INPUT RECORDS START

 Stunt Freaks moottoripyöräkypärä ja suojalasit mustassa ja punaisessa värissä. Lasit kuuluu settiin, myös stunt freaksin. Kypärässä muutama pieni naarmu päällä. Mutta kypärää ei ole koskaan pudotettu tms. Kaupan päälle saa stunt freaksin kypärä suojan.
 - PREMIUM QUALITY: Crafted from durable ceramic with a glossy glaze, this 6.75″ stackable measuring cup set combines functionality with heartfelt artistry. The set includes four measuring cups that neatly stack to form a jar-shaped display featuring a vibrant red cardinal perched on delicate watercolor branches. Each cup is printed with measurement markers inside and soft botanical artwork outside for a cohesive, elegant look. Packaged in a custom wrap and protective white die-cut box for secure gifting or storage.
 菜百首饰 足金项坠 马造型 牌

INPUT RECORDS END
INPUT RECORDS START

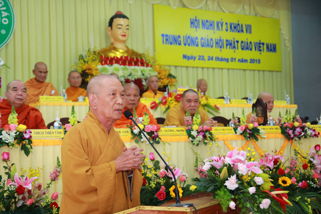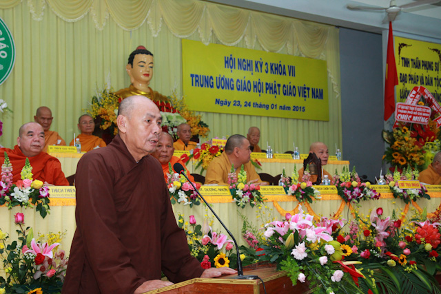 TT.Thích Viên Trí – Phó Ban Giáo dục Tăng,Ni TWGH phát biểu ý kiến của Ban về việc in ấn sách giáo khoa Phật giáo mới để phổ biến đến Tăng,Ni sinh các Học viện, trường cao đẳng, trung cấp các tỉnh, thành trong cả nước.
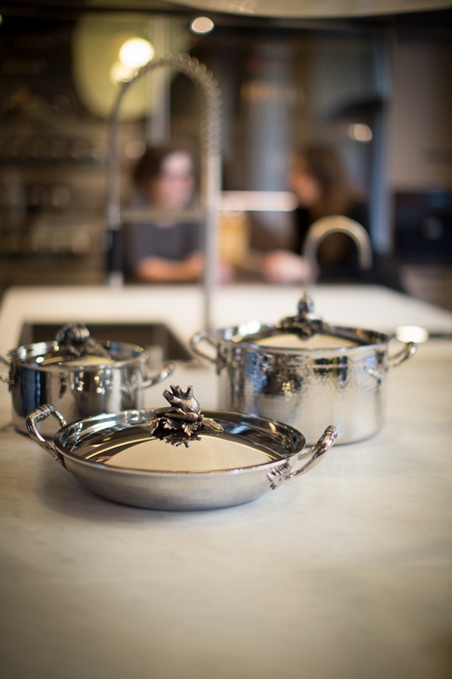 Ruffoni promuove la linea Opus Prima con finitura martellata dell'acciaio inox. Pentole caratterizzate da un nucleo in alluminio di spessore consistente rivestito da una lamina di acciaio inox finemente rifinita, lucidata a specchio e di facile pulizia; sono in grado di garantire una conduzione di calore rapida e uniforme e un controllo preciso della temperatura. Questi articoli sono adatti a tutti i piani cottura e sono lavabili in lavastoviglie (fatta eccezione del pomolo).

INPUT RECORDS END
INPUT RECORDS START

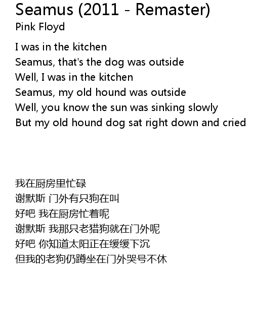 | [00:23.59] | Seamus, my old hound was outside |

INPUT RECORDS END

(EXERCISE PROMPT): From the line holding "Stunt Freaks moottoripyöräkypärä" to the line holding "菜百首饰 足金项坠 马造型 牌", inclusive, restate each line above exactly as written.

(RESPONSE FOR THIS EXERCISE):
 Stunt Freaks moottoripyöräkypärä ja suojalasit mustassa ja punaisessa värissä. Lasit kuuluu settiin, myös stunt freaksin. Kypärässä muutama pieni naarmu päällä. Mutta kypärää ei ole koskaan pudotettu tms. Kaupan päälle saa stunt freaksin kypärä suojan.
 - PREMIUM QUALITY: Crafted from durable ceramic with a glossy glaze, this 6.75″ stackable measuring cup set combines functionality with heartfelt artistry. The set includes four measuring cups that neatly stack to form a jar-shaped display featuring a vibrant red cardinal perched on delicate watercolor branches. Each cup is printed with measurement markers inside and soft botanical artwork outside for a cohesive, elegant look. Packaged in a custom wrap and protective white die-cut box for secure gifting or storage.
 菜百首饰 足金项坠 马造型 牌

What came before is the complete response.